Herodotus’ reliability is further threatened as he strays into the realm of the supernatural in order to explain events. It is likely no accident that Herodotus bookends his account of the accession of Darius with examples of hubris, the main theme flowing through his work. The Herodotean account opens with the recurring motif of the hubristic king, in this case Cambyses, receiving an oracle forewarning his fate and subsequently attempting to overcome it only to find that his own efforts are what bring about his demise (Herod. 3:30; Herod 3:63-64). Herodotus also embellishes the official account of Cambyses death so as to continue his theme of divine retribution. While the accurate translation of the Behistun inscription on the matter of Cambyses’ death has been disputed amongst scholars, some arguing natural causes, others suicide[11], whichever proves true after further study, neither will support the details of Herodotus’ account which relate a thigh wound in the exact place of the slaughter of Apis (Herod. 3:64). The Herodotean account closes with the recount of Darius’ deception in the hippomancy used as the tool to decide kingship (Herod 3:84-87). This deception could equally be referred to as a usurpation of the power of Ahuramazda as the god’s animal, the horse, is being coaxed into giving Darius’ decision rather than Ahuramazda’s. The presence of divine retribution for hubris in the account of Cambyses may, therefore, be intended to foreshadow the inescapable retribution for Darius’ hubris which will manifest itself in the form of the failed invasion of Greece. Such a literary, thematic construction in Herodotus’ account of Darius’ accession severely damages its reliability.

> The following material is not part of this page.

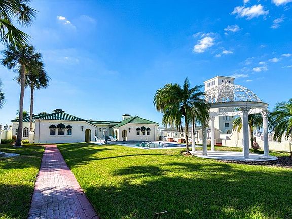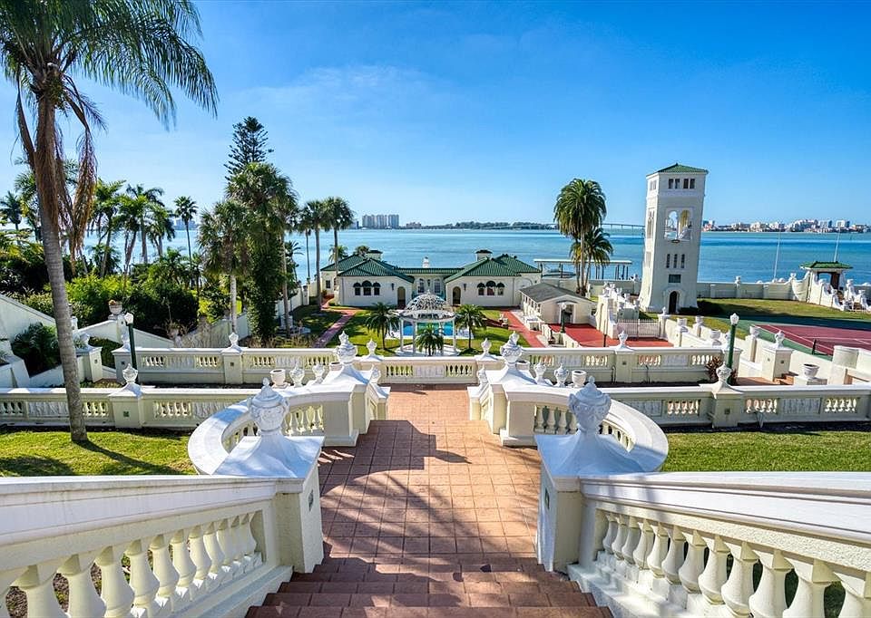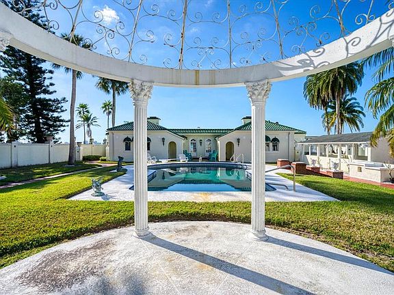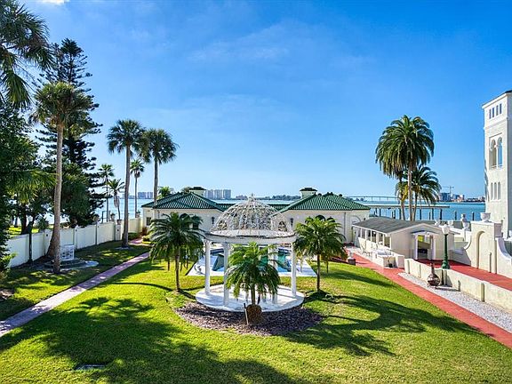 Unsurpassed Views and A Chance to Own a Piece of History awaits the buyer of the South House, a magical 2.75-acre property once associated with the legendary Century Oaks Estatewhich was built on the site of the original Fort Harrison. Positioned at the waters edge of the deepest and widest part of Clearwater Harbor, the view-inspired residence offers show-stopping views of the Gulf, Sand Key Bridge and the Clearwater skyline. Situated behind a private gate and surrounded by meticulously maintained gardens, the 3,046 square foot single-story design reflects an ambiance of casual elegance throughout. The open floor plan merges the family and dining rooms into one extra-large area that is ideal for entertaining as well as fine Florida living. A fireplace adds warmth and character to primary spaces while walls of glass doors reveal unobstructed Gulf views and open to an expansive terrace and adjoining boat dock. A charming gazebo adorned with stately Corinthian columns makes a delightful conversation area and combines with a swimming pool for an idyllic retreat. The adjacent kitchen is outfitted with an array of storage cabinets, granite countertops, breakfast bar and a cozy nook for casual dining. Private accommodations within the 3-bedroom plan include a master suite of generous proportions featuring a dramatic exposed beamed ceiling and a fireplace. The opportunity to build on the upper bluff of this property is significant for its stunning views and 50-feet elevation above sea levela rarity for waterfront properties in Florida and precluded from flood insurance requirements. Conveniently located in the heart of Clearwater, the home affords easy access to award-winning Gulf beaches, medical facilities, shopping and dining, and is a short drive to Tampa International Airport, downtown Tampa and St. Petersburg. Formerly known as the estates Boat House, this offering may again be joined with the Century Oaks property which is separately listed.

One of the areas of greatest contention amongst historians in regards to the reliability of the Herodotean account is that of the political discussion between the seven conspirators. Herodotus records that, subsequent to the deposition of the magus, the conspirators discussed the merits of various political systems in order to choose that which would best suit the Persian empire (3:80-83). While some simply discount this discussion as absurd, if Dandamaev’s argument that the conspiracy against the king was a result of the tribal elite attempting to regain the powers and rights that had been taken from them it would follow that some political discussion would have taken place, even if the form presented in Herodotus is fictional.[12] As Brannan notes, the main argument provided against the historicity of this discussion is that Herodotus records Otanes as supporting the concept of democracy and that such a system was incompatible with the oriental mind.[13] However, Brannan argues that such an understanding of Otanes speech is misinformed. The word ‘democracy’ never appears in Otanes’ speech, whereas concepts such as ‘equality under the law’ do.[14] Dandamaev agrees with Brannan on this issue and concludes that the political system which Otanes is supporting is not an Athenian style democracy but rather a tribal form in which the tribal nobility hold sway.[15] Such interpretations can be nothing more than informed speculation, however their logic and consistency are strong enough to conclude that the discussion in Herodotus cannot reasonably be disregarded out of hand.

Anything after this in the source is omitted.